7.1. Any notice required or permitted to be given by either party to the other under these conditions shall be in writing, addressed to the other party at its principal place of business, or to such other address as may at the relevant time have been notified pursuant to this provision to the party giving the notice,.

7.2. No delay or failure by either party in exercising any of its rights under the Agreement shall be deemed to be a waiver of that right, and no waiver by either party of any breach of the Agreement by the other shall be considered as a waiver of any subsequent breach of the same or any other provision.

7.3. If any provision of these conditions is held by any competent authority to be invalid or unenforceable, in whole or in part, the validity of the other provisions of these conditions and the remainder of the provision in question shall be unaffected.

7.4. No term of this Agreement is intended for the benefit of any third party, and the parties do not intend that any term of this Agreement shall be enforceable by a third party under the Contracts (Third Parties) Act 1999 or otherwise.

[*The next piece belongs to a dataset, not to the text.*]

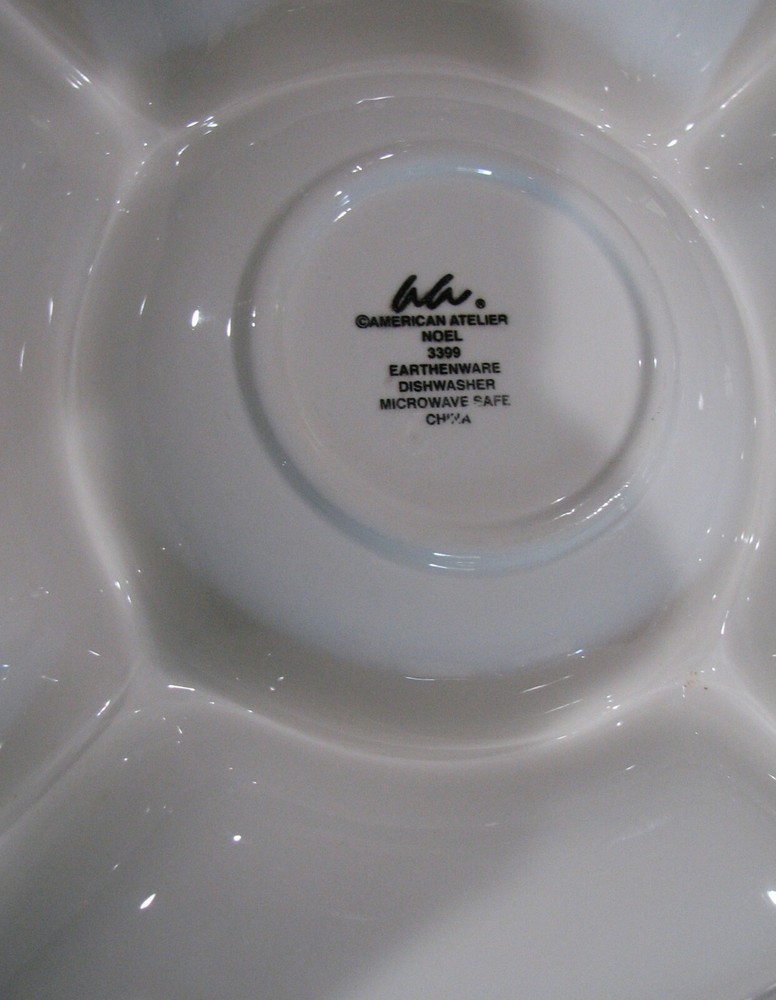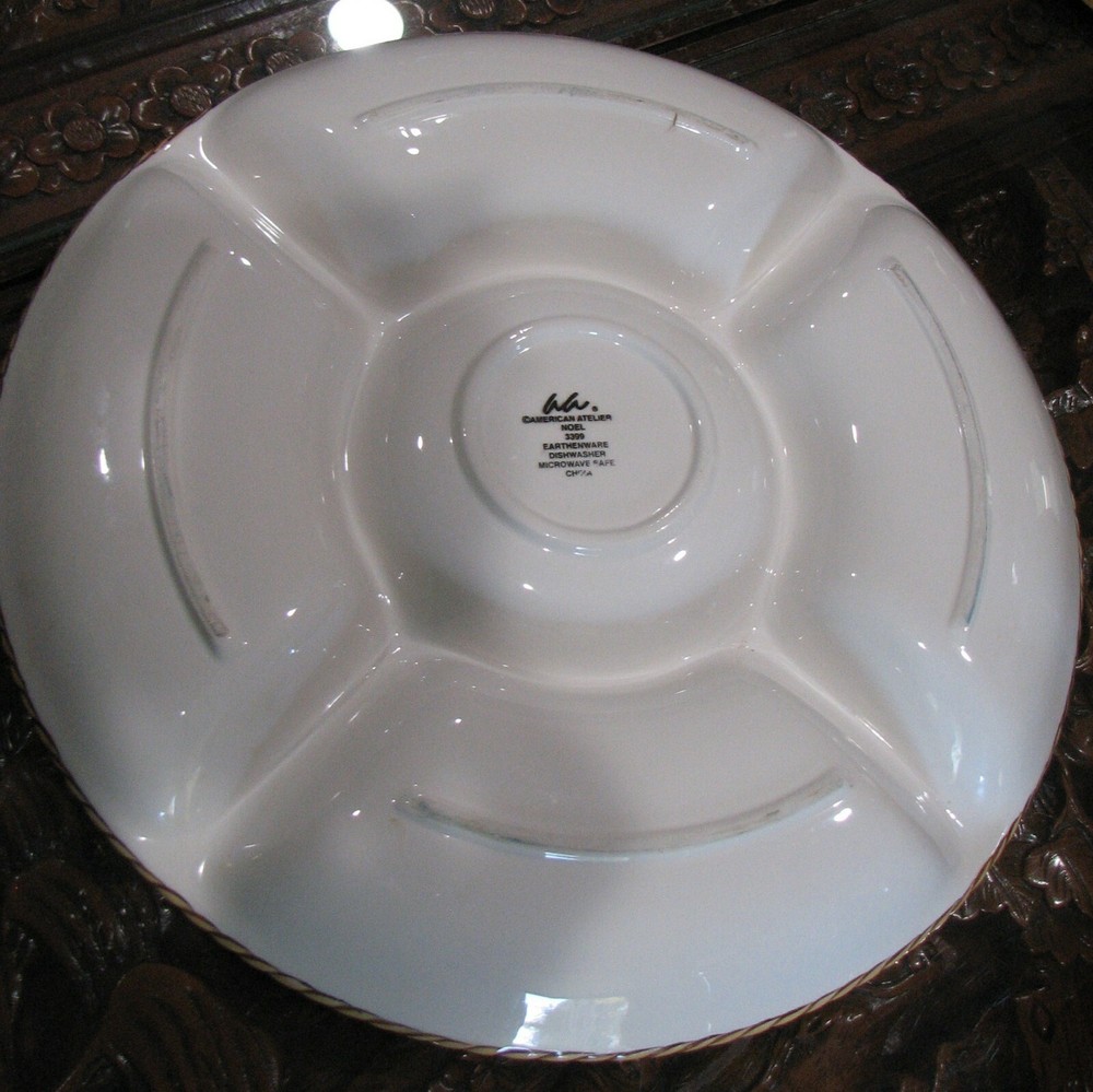 Shipping: Shipping is the actual shipping for USPS Priority Mail or Fed Ex Home Delivery to your location. I only charge actual shipping costs, no additions. If you win more than one auction, I will combine for cheapest shipping. I combine shipping for multiple auction wins! Payment due within 3 days of the end of the auction. American Atelier Noel 3399 Large Chip and Dip Server Condition: Excellent - Like New Condition, I don't even think it was ever used. I could not see any major scuffs or scratches. If there are any, they are very few and minor Description: Earthenware server with 5 sections measuring 14 3/4" diameter x 1 1/4" tall. Microwave and dishwasher safe. Please don't hesitate to ask questions before the end of bidding as all sales are final. No International buyers.

7.4. Any dispute or difference which cannot be amicably resolved by the parties shall:

7.4.1. Where the Client complains of unethical or unprofessional conduct on the part of the Consultant, be referred to and dealt with under the provisions of the Royal Town Planning Institute Code of Conduct or Code of Ethics for the time being in force, as applicable;

7.4.2. In the case of all other disputes or differences, be referred to the non-exclusive jurisdiction of the courts of England and Wales.

7.5. This Agreement shall be governed by and construed under English law.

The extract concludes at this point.